_COLLECTED MATERIAL:_
== == ==
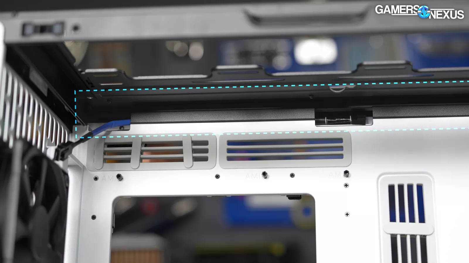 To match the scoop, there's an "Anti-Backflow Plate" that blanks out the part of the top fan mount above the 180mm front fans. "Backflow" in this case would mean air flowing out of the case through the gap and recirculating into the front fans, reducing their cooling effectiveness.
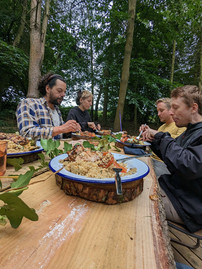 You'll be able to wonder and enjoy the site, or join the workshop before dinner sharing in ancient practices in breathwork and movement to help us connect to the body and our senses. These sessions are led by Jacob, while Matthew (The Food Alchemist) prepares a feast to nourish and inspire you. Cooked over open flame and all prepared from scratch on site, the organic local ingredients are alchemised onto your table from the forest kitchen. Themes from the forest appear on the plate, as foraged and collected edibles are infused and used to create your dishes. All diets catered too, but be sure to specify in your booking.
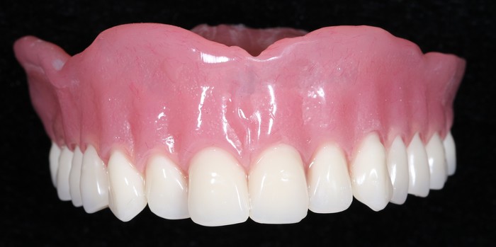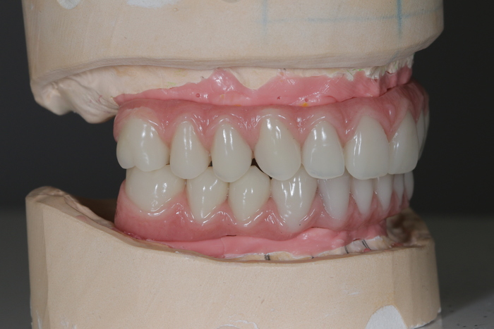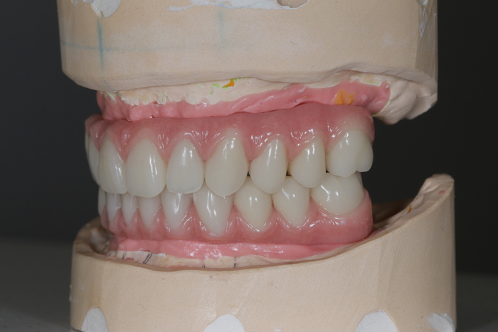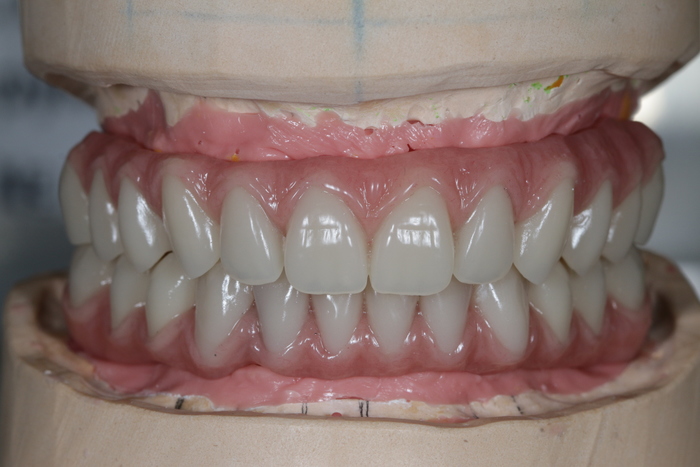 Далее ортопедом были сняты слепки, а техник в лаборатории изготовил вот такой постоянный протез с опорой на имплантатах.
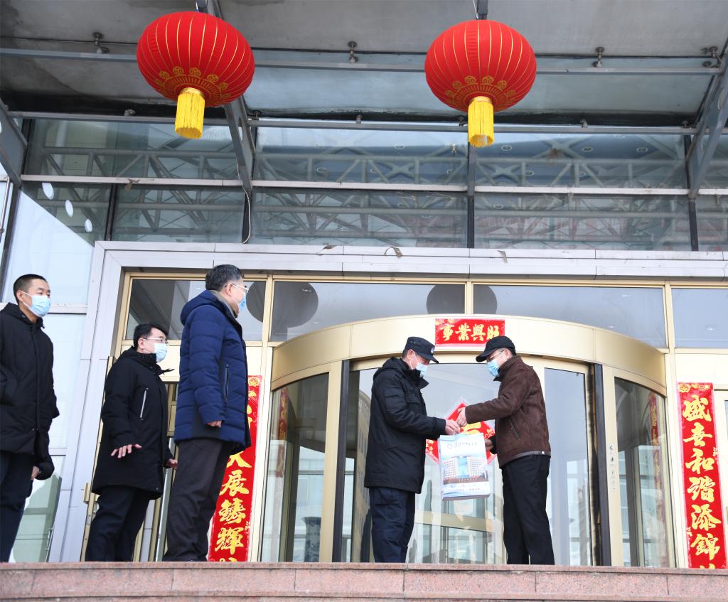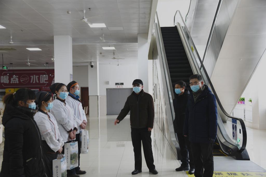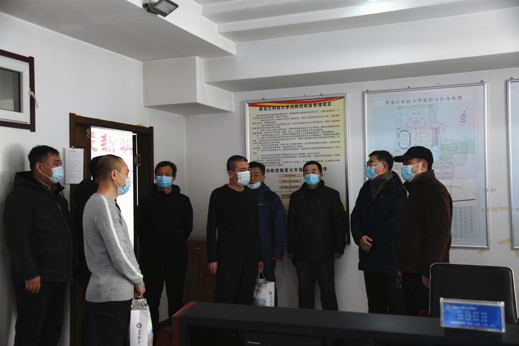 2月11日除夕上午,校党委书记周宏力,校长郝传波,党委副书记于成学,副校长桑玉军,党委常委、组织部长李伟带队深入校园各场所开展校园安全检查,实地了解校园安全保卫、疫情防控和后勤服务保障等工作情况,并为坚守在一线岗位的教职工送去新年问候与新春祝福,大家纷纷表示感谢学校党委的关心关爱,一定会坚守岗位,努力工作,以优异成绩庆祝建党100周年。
== == ==
_TASK OBJECTIVE:_
Transcribe the listing verbatim, pictures excluded.

_EXERCISE SOLUTION:_
 To match the scoop, there's an "Anti-Backflow Plate" that blanks out the part of the top fan mount above the 180mm front fans. "Backflow" in this case would mean air flowing out of the case through the gap and recirculating into the front fans, reducing their cooling effectiveness.
 You'll be able to wonder and enjoy the site, or join the workshop before dinner sharing in ancient practices in breathwork and movement to help us connect to the body and our senses. These sessions are led by Jacob, while Matthew (The Food Alchemist) prepares a feast to nourish and inspire you. Cooked over open flame and all prepared from scratch on site, the organic local ingredients are alchemised onto your table from the forest kitchen. Themes from the forest appear on the plate, as foraged and collected edibles are infused and used to create your dishes. All diets catered too, but be sure to specify in your booking.
 Далее ортопедом были сняты слепки, а техник в лаборатории изготовил вот такой постоянный протез с опорой на имплантатах.
 2月11日除夕上午,校党委书记周宏力,校长郝传波,党委副书记于成学,副校长桑玉军,党委常委、组织部长李伟带队深入校园各场所开展校园安全检查,实地了解校园安全保卫、疫情防控和后勤服务保障等工作情况,并为坚守在一线岗位的教职工送去新年问候与新春祝福,大家纷纷表示感谢学校党委的关心关爱,一定会坚守岗位,努力工作,以优异成绩庆祝建党100周年。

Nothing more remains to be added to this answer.